6話
機関車のように白い息を吐きながら走るクロエとあずさの目の前に広がったのは、まるで幻想の世界から切り取られたかのような光景でした。
人の背丈をはるかに超える白い薔薇の生け垣が、屋敷の敷地をぐるりと囲むようにそびえ立っています。
雪を薄く被りながらも、無数の白い花々が狂おしいほどに咲き誇り、そのあまりの美しさに、思わず息を呑んでしまうほどです。

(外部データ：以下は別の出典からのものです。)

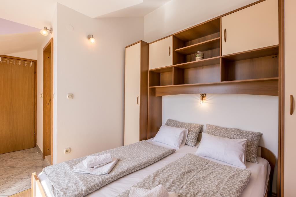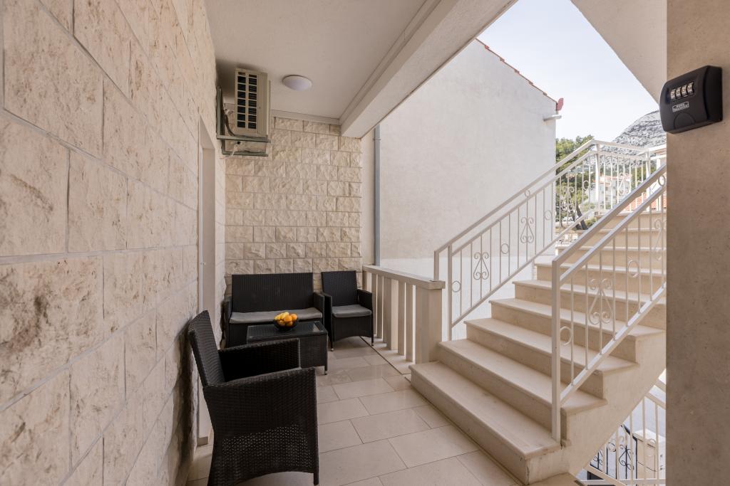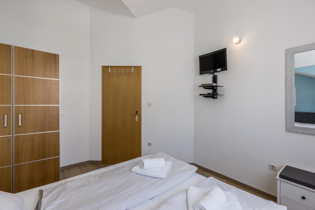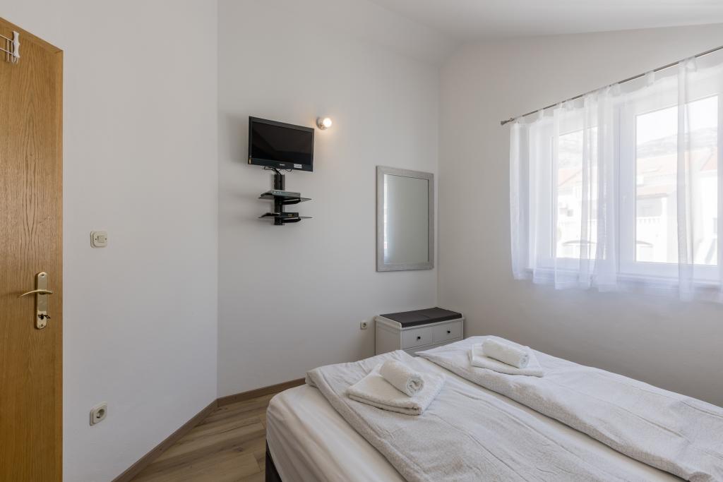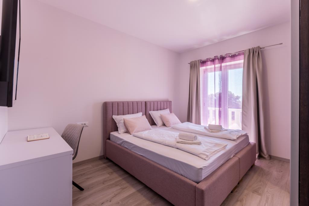 Lejligheder Jelavic ligger i den vestlige del af Bol, lige over promenaden til stranden "Zlatni rat" (Promenade). Huset ligger ca. 150 m fra havet og de første strande. Det er et par minutters gang fra centrum af Bol, så vores gæster let og hurtigt kan få dagligvarer og tjenester fra postkontor, bank, rejsebureauer, politi, ambulance osv. Ikke langt fra huset er der de fleste restauranter, boliger og caféer og natklubber. Selvom "Zlatni rotte" (ca. 2000 m) fra vores hus til stranden fører en smuk promenade ved havet, fra centrum, til denne enestående smukke og verdensberømte strand, er der en regelmæssig bådlinje. Vores hus er bygget i en klassisk dalmatisk stil med facader i hvid Brac-sten, asfalterede terrasser til at bo uden for lejligheden med metalhegn og stensøjler. 20 års erfaring inden for turisme og konstant forbedring af servicen sætter vores lejligheder øverst i udbuddet af privat indkvartering i Bol på øen Brac.

その生け垣を挟み、鮮血ような色をした、重厚な金属製の両開き扉がありました。
そこに立つのは二人の門番。
磨き上げられた金属の鎧は雪を弾き、その手には鋭い槍がしっかりと構えられています。
彼らが守るのは、断崖絶壁立つ巨大な白亜の屋敷です。「白薔薇屋敷」――その通称は、この場所の美しさと怪しさを、同時に表現しているかのようです。
「リュウ! ケン! おいっす!」
急ブレーキをかけ、ふたりの門番の目の前で立ち止まったクロエが、かなり気さくな挨拶をしました。
「おや、随分とお早いお帰りですね。しかも、息を切らすほど走って帰って来るのは久しぶりのことです。何か事件でもありましたか?」
右側の兵士が喋り終えると、左側の兵士が同意を示すように頷きました。
「察しが良いな、ふたり共。その通りだよ。たぶん今から、教会の奴らが大挙してやってくると思う」
「ほう! これはずいぶんと楽しそうな……失礼。随分と大変な状況ですね。さすがはトラブルメーカークロエ様です」
「それって褒めてないよね?」
「どうでしょうな」
「とりあえず家族に相談してくるから、守りはよろしくね」
「了解いたしました」
赤い両開きの扉がゆっくりと開かれました。近隣の者どもは噂します。許可なく「白薔薇屋敷」へ侵入し、生きて帰って来た者はいないと……。